# Camping around St. Louis Zoo IL.



## highrigger_1

Has anyone camped around The St. Louis Zoo area? Where and how did you like it?

Thanks 
Highrigger_1


----------



## schnauzermom

I am from Missouri and I wish that I could help you but we haven't ever camped around St. Louis. Hopefully someone can give you the info you need.


----------



## missouricamper

You post has be a little confused with the "IL" behind St. Louis Zoo (??) - but I'll assume you mean the St. Louis Zoo in Missouri.
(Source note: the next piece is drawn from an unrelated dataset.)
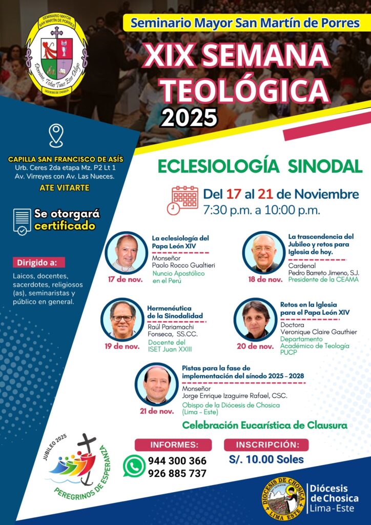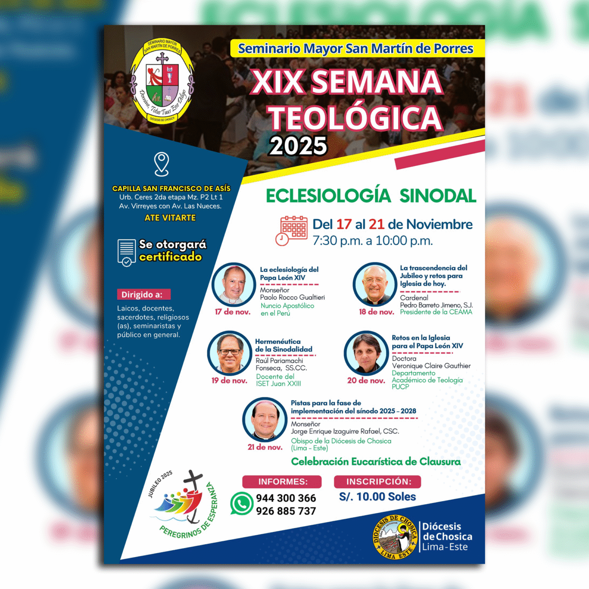 Del 17 al 21 de noviembre de 2025 se llevará a cabo la XIX Semana Teológica organizada por el Seminario Mayor San Martín de Porres de la Diócesis de Chosica, bajo el tema “Eclesiología Sinodal”. Este encuentro académico y pastoral busca ofrecer un espacio de reflexión sobre el sentido y la actualidad de la Sinodalidad en la Iglesia, en continuidad con el proceso iniciado durante el pontificado del Papa Francisco y proyectado ahora en el ministerio del Papa León XIV.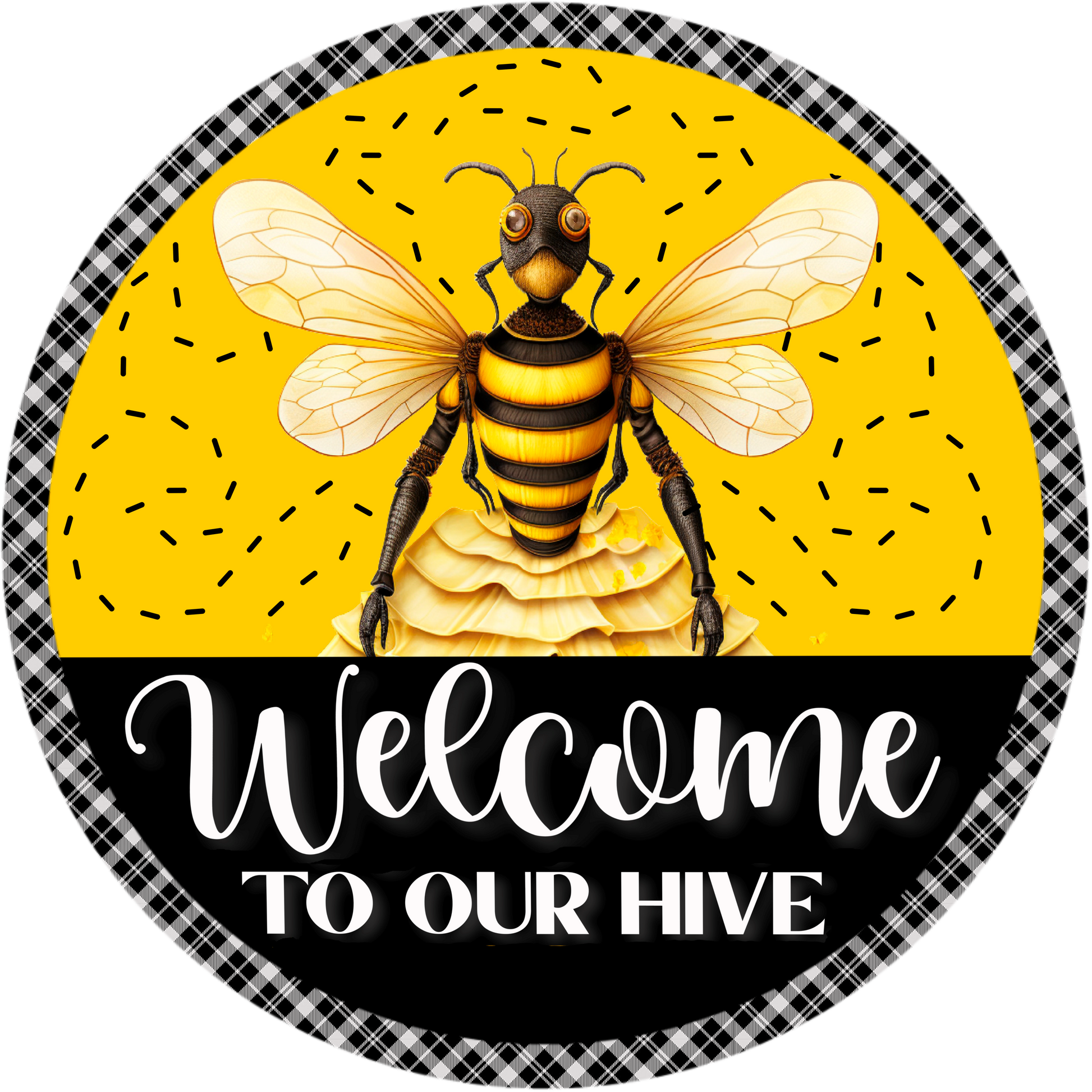 Bring in a breath of fresh air and celebrate the season of bloom with the "Welcome to Our Hive" Round Metal Wreath Sign. This lovingly handcrafted sign serves as a delightful announcement to Spring's arrival, promising to infuse your home with vibrant energy and color. Ideal for both wreath enthusiasts and home decor lovers alike, it makes for a fantastic decoration or a thoughtful gift.

There is no campground REALLY close - though it is in Forest Park, there is no place to camp. However, there are several places in St. Louis to camp if you don't mind a little drive. We prefer state parks, and Babler State Park in west county is pretty nice. There is an RV park in St. Charles (40 minute drive?), Sundermeier RV Park, that gets a lot of nice reviews (I've never been there - I live here). Also, I understand that the local casinos have nice RV parking (Casino Queen is on the Illinois side of the river and MetroLink is available from there to the zoo). There are others, just out of town in almost every direction. A good resource for campgrounds in the Missouri and Illinois area is:

www.rvingthemidwestconnection.com

If this is your first trip to the zoo, you are in for a real treat!


----------